A low-latency eventually consistent design can become less correct because users make decisions on stale data.
So the real question is not “fast or correct?”
It is:
Which operations need coordination, and how do we prevent coordination from infecting every path?
12. Operation classification matrix
Use this classification before choosing distributed database behavior.
| Operation class | Example | Preferred guarantee | Common design |
|---|---|---|---|
| Critical command | Approve case, transfer funds, allocate scarce resource | Strong consistency, serializable or explicit invariant lock | Leader/quorum write, version check, idempotency |
| Local append | Add comment, log event, collect telemetry | Durable local append, later projection | Append log, outbox, async replication |
| Human read | View dashboard, search, list cases | Bounded staleness | Replica/search projection with freshness label |
| Self-read after write | Save form then refresh | Read-your-writes | Sticky primary, session token, freshness token |
| Background analytics | Daily report | Reproducible snapshot | ETL/warehouse snapshot, watermark |
| Cross-region display | Product catalog, public content | Eventual/bounded staleness | CDN/cache/read replica |
| Authorization check | Permission, entitlement, tenant membership | Fresh enough for risk | Usually primary/strong read for sensitive operation |
| Work claim | Pick next task | Strong claim exclusivity | FOR UPDATE SKIP LOCKED, queue lease, unique claim |
This is how CAP/PACELC becomes engineering work.
13. Consistency boundary vs availability boundary
A consistency boundary defines the set of data that must be coordinated atomically to preserve an invariant.
An availability boundary defines what remains usable when part of the system is unavailable.

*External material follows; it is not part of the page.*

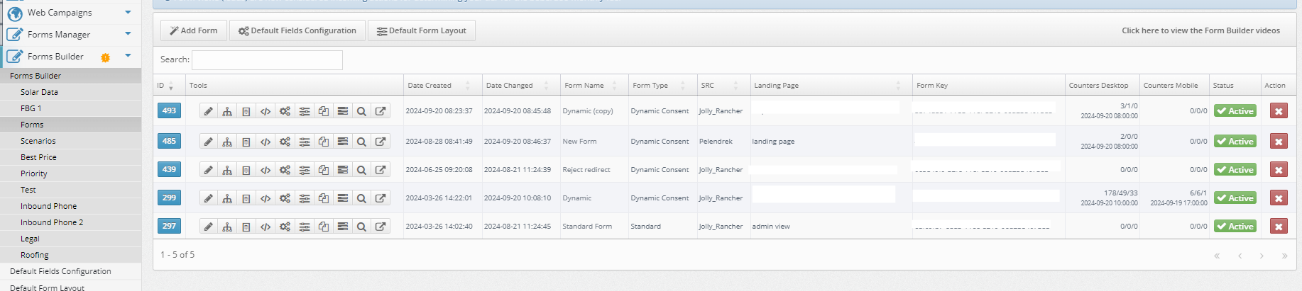 This will be explained more below, but there are also options for default field configuration and default form layout on the top of the page. Each form will also show when it was created, the last time a change was made, the form name, the lead type the form is used in, attached source, landing page, form key, form counters for desktop and mobile, an option to set the status active and inactive and an action to delete the form. When you hover over the counters for desktop and mobile, you will see your total views, pings and posts from that timeframe.

Poor design couples them accidentally:
In this design, notification and search indexing can reduce availability of case approval.
Better design separates authority from projections and side effects:
The transaction protects authoritative truth. Side effects become retryable projections.
14. Business invariant drives the tradeoff
Do not classify by technology first. Classify by invariant.
Ask:
- What illegal state must never be committed?
- Can the operation be retried safely?
- Can two regions accept the same command independently?
- If conflicting writes occur, is there a deterministic merge?
- Is compensation legally/business-wise acceptable?
- Can users observe stale state without harm?
- What must appear in audit if the operation is rejected?
- What is the maximum tolerable staleness?
- What happens to downstream systems if state arrives out of order?
- How will support explain the behavior to a user?
Example: regulatory case decision.
Invariant:
A case cannot have two final decisions for the same decision authority and version.
Architecture implication:
- final decision command must be coordinated;
- stale read is not acceptable for transition guard;
- idempotency key is required;
- audit event must be atomic with decision state;
- notification can be asynchronous;
- search can be stale with freshness label;
- region partition should reject final decision in minority/unknown partition.
15. Conflict resolution is domain design, not database magic
AP-style systems often say “we resolve conflicts later”. That phrase hides enormous complexity.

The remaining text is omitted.